Author Archives: Juan-antonio Fernández-madrigal

A new variant of Q-learning that alleviates its slow learning speed (with a brief review of reinforcement learning algorithms)

J.C. van Rooijen, I. Grondman, R. Babuška, Learning rate free reinforcement learning for real-time motion control using a value-gradient based policy, Mechatronics, Volume 24, Issue 8, December 2014, Pages 966-974, ISSN 0957-4158. DOI: 10.1016/j.mechatronics.2014.05.007

Reinforcement learning (RL) is a framework that enables a controller to find an optimal control policy for a task in an unknown environment. Although RL has been successfully used to solve optimal control problems, learning is generally slow. The main causes are the inefficient use of information collected during interaction with the system and the inability to use prior knowledge on the system or the control task. In addition, the learning speed heavily depends on the learning rate parameter, which is difficult to tune.
In this paper, we present a sample-efficient, learning-rate-free version of the Value-Gradient Based Policy (VGBP) algorithm. The main difference between VGBP and other frequently used algorithms, such as Sarsa, is that in VGBP the learning agent has a direct access to the reward function, rather than just the immediate reward values. Furthermore, the agent learns a process model. This enables the algorithm to select control actions by optimizing over the right-hand side of the Bellman equation. We demonstrate the fast learning convergence in simulations and experiments with the underactuated pendulum swing-up task. In addition, we present experimental results for a more complex 2-DOF robotic manipulator.

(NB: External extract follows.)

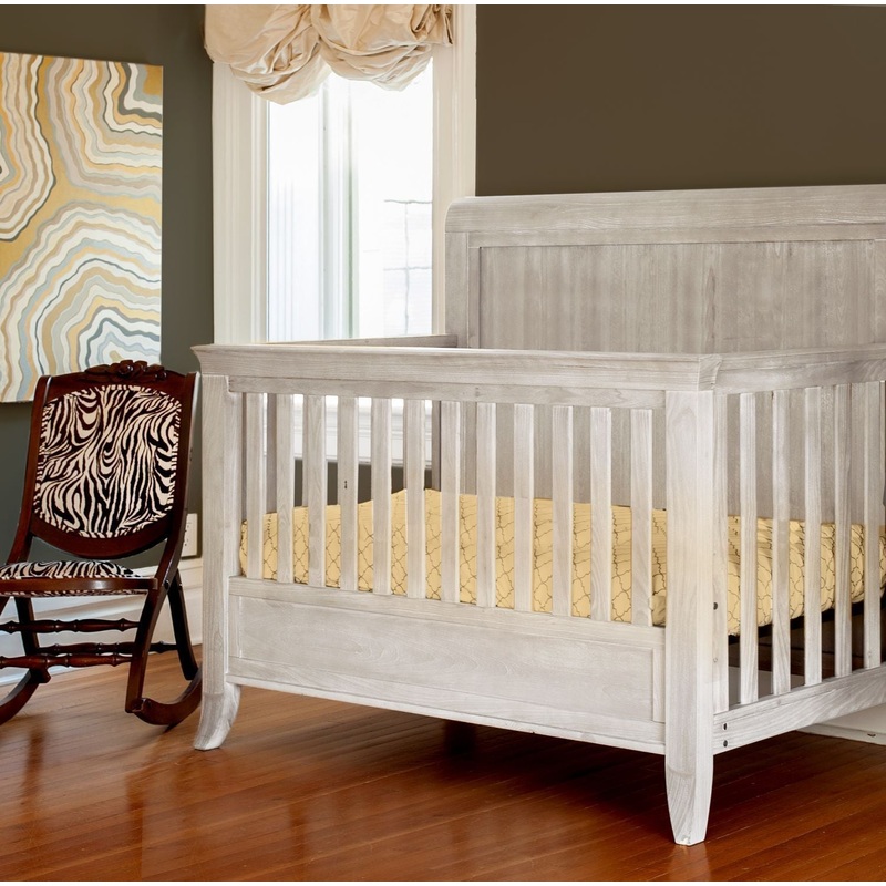We have done it! We have taken a classical, well-loved design and modernized it with new curves and a simple, scrolled, extra high back. This 4-in-1 convertible crib offers a sandblasted, solid panel which stands, recessed, behind the depth of a uniquely g

Estimating states of a human teleoperator and studying their influence in performing control

Yunyi Jia, Ning Xi, Shuang Liu, Yunxia Wang, Xin Li, and Sheng Bi, Quality of teleoperator adaptive control for telerobotic operations The International Journal of Robotics Research December 2014 33: 1765-1781, first published on November 13, 2014. DOI: 10.1177/0278364914556124

Extensive studies have been conducted on telerobotic operations for decades due to their widespread applications in a variety of areas. Most studies have been focused on two major issues: stability and telepresence. Few have studied the influence of the operation status of the teleoperator on the performance of telerobotic operations. As subnormal operation status of the teleoperator may result in insufficient and even incorrect operations, the quality of teleoperator (QoT) is an important impact on the performance of the telerobotic operations in terms of the efficiency and safety even if both the stability and telepresence are guaranteed. Therefore, this paper investigates the online identification of the QoT and its application to telerobotic operations. The QoT is identified based on five QoT indicators which are generated based on the teleoperator’s brain EEG signals. A QoT adaptive control method is designed to adapt the velocity and responsivity of the robotic system to the operation status of the teleoperator such that the teleoperation efficiency and safety can be enhanced. The online QoT identification method was conducted on various teleoperators and the QoT adaptive control method was implemented on a mobile manipulator teleoperation system. The experimental results demonstrated the effectiveness and advantages of the proposed methods.

Probabilistic models of several sensors plus a method for distinguishing the different hypotheses from the posterior of a PF

V. Alvarez-Santos, A. Canedo-Rodriguez, R. Iglesias, X.M. Pardo, C.V. Regueiro, M. Fernandez-Delgado, Route learning and reproduction in a tour-guide robot, Robotics and Autonomous Systems, Volume 63, Part 2, January 2015, Pages 206-213, ISSN 0921-8890. DOI: 10.1016/j.robot.2014.07.013

Traditionally, route information is introduced in tour-guide robots by experts in robotics. In the tour-guide robot that we are developing, we allow the robot to learn new routes while following an instructor. In this paper we describe the route recording process that takes place while following a human, as well as, how those routes are later reproduced.

A key element of both route recording and reproduction is a robust multi-sensorial localization algorithm that we have designed, which is able to combine various sources of information to obtain an estimate of the robot’s pose. In this work we detail how the algorithm works, and how we use it to record routes. Moreover, we describe how our robot reproduces routes, including path planning within route points, and dynamic obstacle avoidance for safe navigation. Finally, we show through several trajectories how the robot was able to learn and reproduce different routes.